Stef and I are meeting with Zane this morning...so I should be in by 9:30 am...God willing and the creek doesn't raise.

So for all those coffee drinkers out there, I think tall and black is on tap for today... :) (and I don't mean me)

Sent from my iPhone

Wednesday, January 27, 2010

MacDaddy

(On being nervous about the upcoming Apple product release.)
I'm going to the bathroom to wait it out.

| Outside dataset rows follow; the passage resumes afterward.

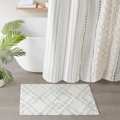 32″x20″ Ansel Geo Diamond Yarn Dyed Cotton Tufted Bath Rug – Ink+Ivy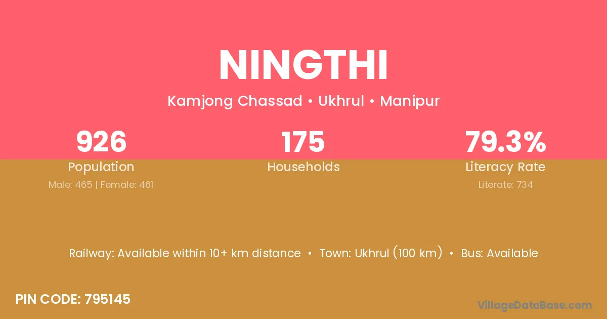 Ningthi village has a total population of 926 people, of which 465 are males and 461 are females.
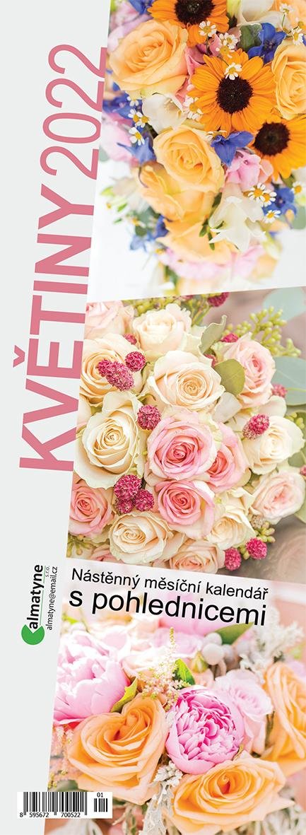 Kalendář 2022 - Květiny, nástěnný pohlednicový měsíční, 105 x 290 mm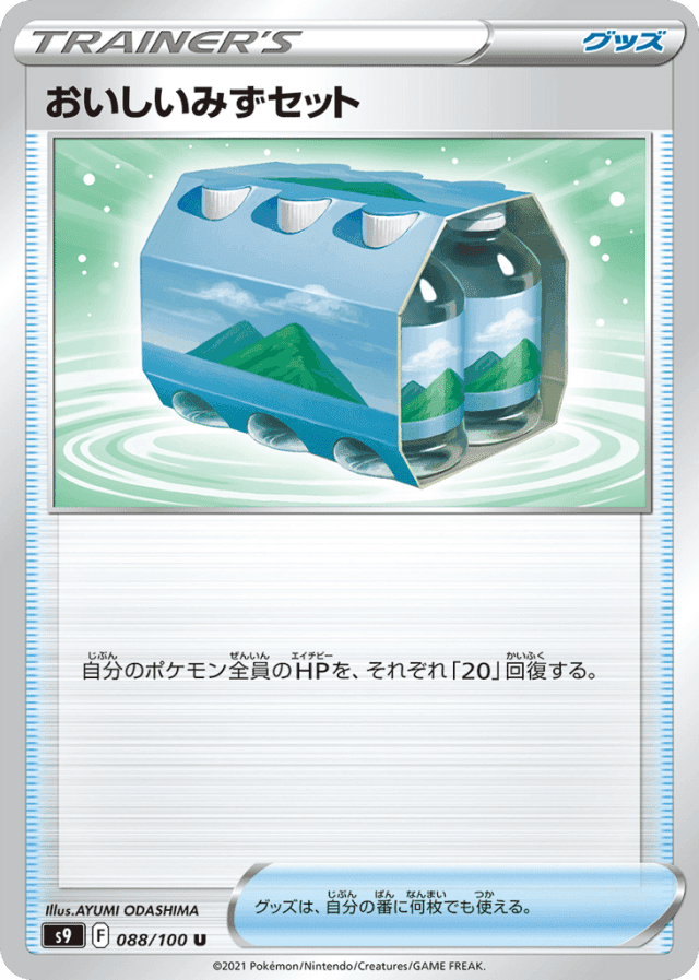 自分のポケモン全員のHPを、それぞれ「20」回復する。 グッズは、自分の番に何枚でも使える。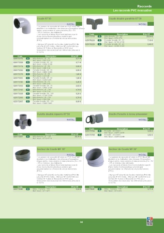 - Les raccords et tubes Nicoll sont réalisés à partir Code Description Prix HT

(About how he and Steve Jobs are almost the same age.)
We could be kissing brothers.

Mmmm, cupcakes

Jen, I just ate one of your cupcakes. But not one of the sweaty ones. I would've ran across busted glass to get one of the sweaty ones.

Tuesday, January 26, 2010

Eyeballs

You should take my eyeballs out and look at yourself.

New ear phones

They're good. But with the suction stuff they use—make sure you're good and ready because once they're in, Grandma's not getting in there.

Christmas list

That's what I need for Christmas. A couple of glass eyes.

Let's go screw some stuff.

Ray & Jeremy are putting together bookshelves next to Jen's desk.

Ray: "Jeremy, let's go screw some stuff."

Holes in the boards were not drilled all the way through.

Ray: "Seems like someone's been plugging our holes."